The proposal includes revenue generated by rising property values. Preliminary estimates released last month by Property Appraiser Gary Nikolits show that the county’s tax base grew by 3.7 percent last year.
Taxable values rose in 34 of the county’s 38 cities and towns. Only Belle Glade, Briny Breezes, Loxahatchee Groves and Palm Beach Shores saw their values fall.
An increase in a home’s taxable value, coupled with a higher tax rate, will result in a larger tax bill.
Long-time residents with homestead exemptions and other owners who saw the value of their property rise last year would likely see the largest property tax increases. Those who saw their values fall could pay less in county taxes, depending on the severity of the drop.
At the $5.02 property tax rate, a homesteaded owner with a house valued at $250,000 in 2012 would see the property’s 2013 assessed value grow to $254,250, as long as its new market value was $254,250.
The homeowner would have to pay about $1,026 in property taxes and county debt payments in the coming year, compared with $998 this year, an increase of 2.75 percent in county taxes.

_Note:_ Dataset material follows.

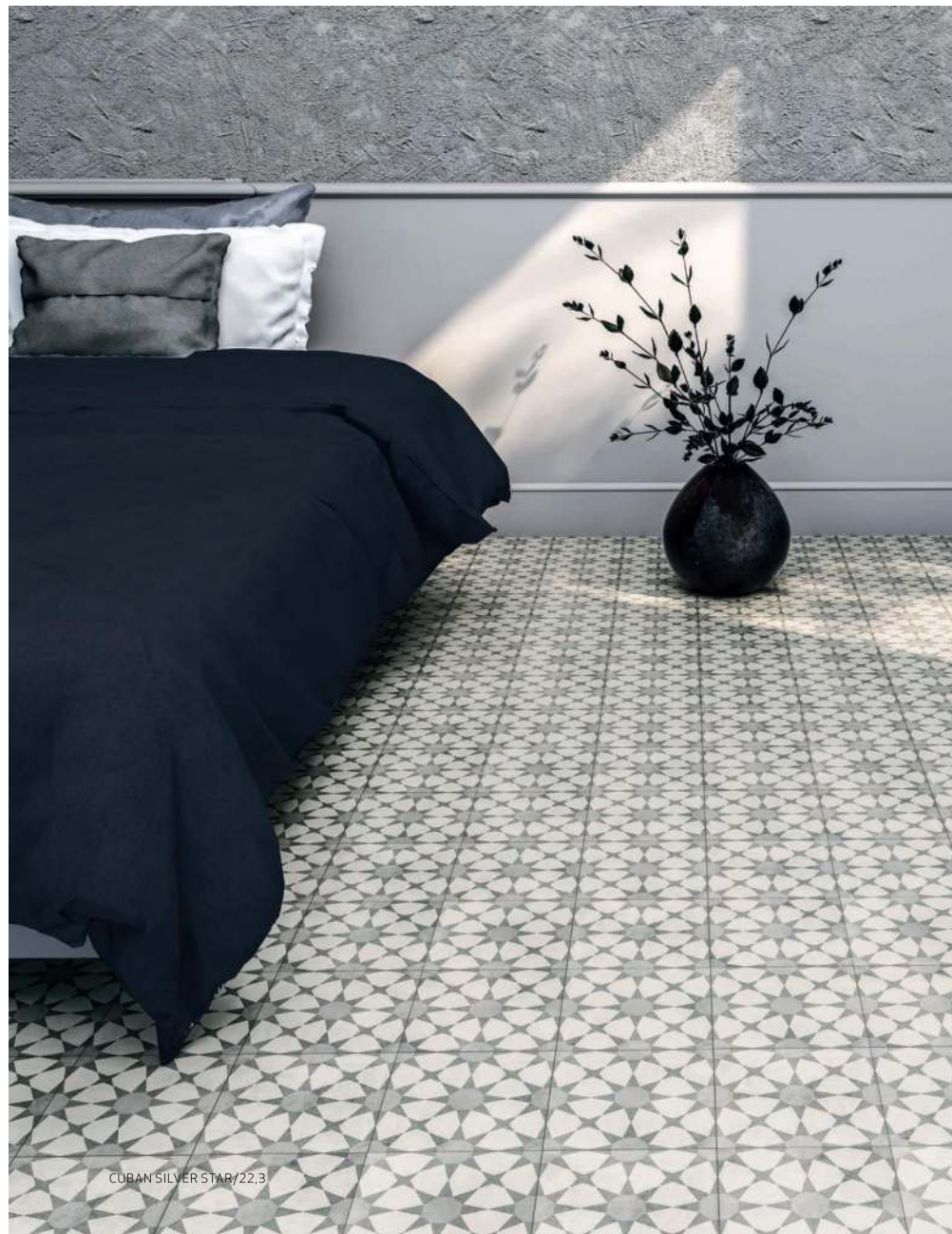
CUBAN SILVER STAR/22,3

The amount does not include taxes owed to a city, school district and other taxing agencies.
County Mayor Steven Abrams called the proposal a “starting point.”

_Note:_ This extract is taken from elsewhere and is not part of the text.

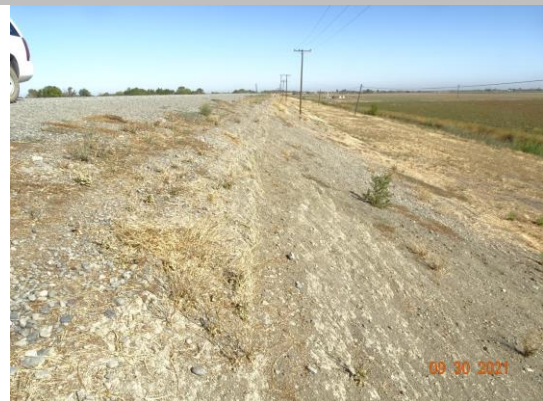
LS slope sloughing. Fall 2021

Photo 1 of 1 : FA_2023_RD0999_232_38_20230905_00012.jpg

“It is not an end point,” Abrams said. “That is why we have a budget process.”
Commissioners will hold their first budget workshop Tuesday at 6 p.m.
In a memo to commissioners Tuesday, Weisman said the tax rate increase was needed solely to pay for the sheriff’s office.

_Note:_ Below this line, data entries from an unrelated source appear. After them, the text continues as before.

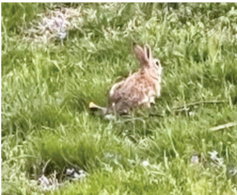
This rabbit had a blow dart stuck in its side.
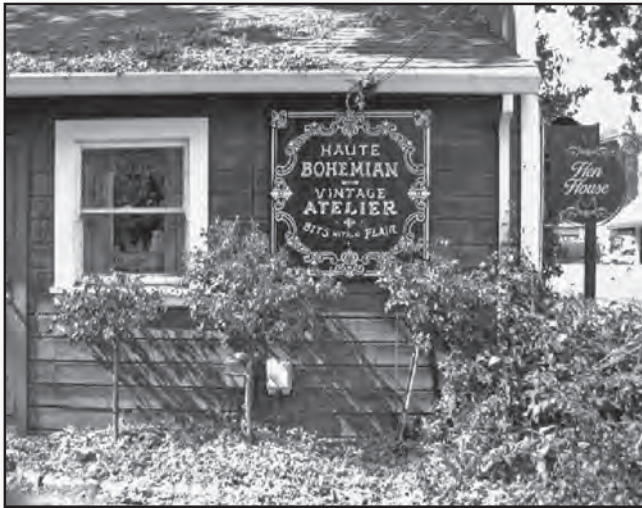
Hen House, building detail as it looks from the south side of the building.
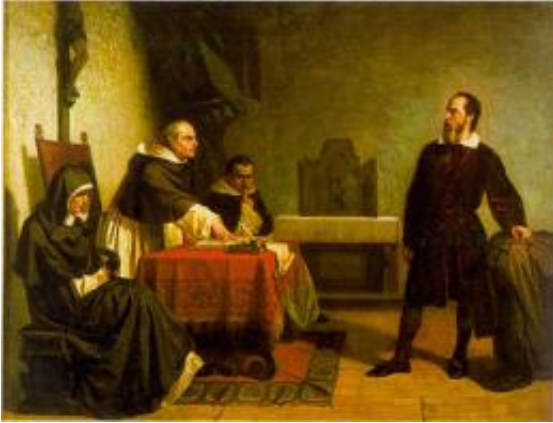
Galileo facing the Roman Inquisition. Painted by Cristiano Banti in 1857.

The Catholic Church and scientists have a history of clashing, but according to Vatican astronomers, some of the stories of Church persecution are distortions of the truth - more gossip than Gospel.
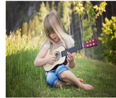
Get 3 FREE Lessons when you sign up for UKULELE or GUITAR this term with:

Sheriff Ric Bradshaw has requested an additional $38.8 million to run his office next budget year. Bradshaw has said that much of that money will be used to cover state and federal mandates and to replace aging equipment.
Weisman’s proposal includes a 3 percent pay increase for county employees. General employees have not received a raise since 2008.
The proposal would also increase fares for the county’s bus service, Palm Tran. The rate increases have been approved by a county advisory board. Under the plan, the base bus fare would rise to $2, up from $1.50.
Fees for monthly bus bases and the county’s Palm Tran Connection service for elderly and disabled residents would also rise.
In the memo, Weisman pointed to several budget requests from department directors that he did not include in his budget proposal, to keep the county’s tax rate low. They include $5 million for road resurfacing projects, $300,000 for the county’s homeless resource center and $547,000 for the county’s youth empowerment centers for at-risk children and teens.
Palm Beach County’s proposed budget
- Estimated revenue: $624.9 million, $25.3 million more than this year.
- Proposed tax rate: $5.02 per $1,000 in taxable value, including voter-approved debt.
- Upcoming public meeting: Budget workshop at 6 p.m., June 11, Palm Beach County Government Center, 301 N. Olive Ave., West Palm Beach.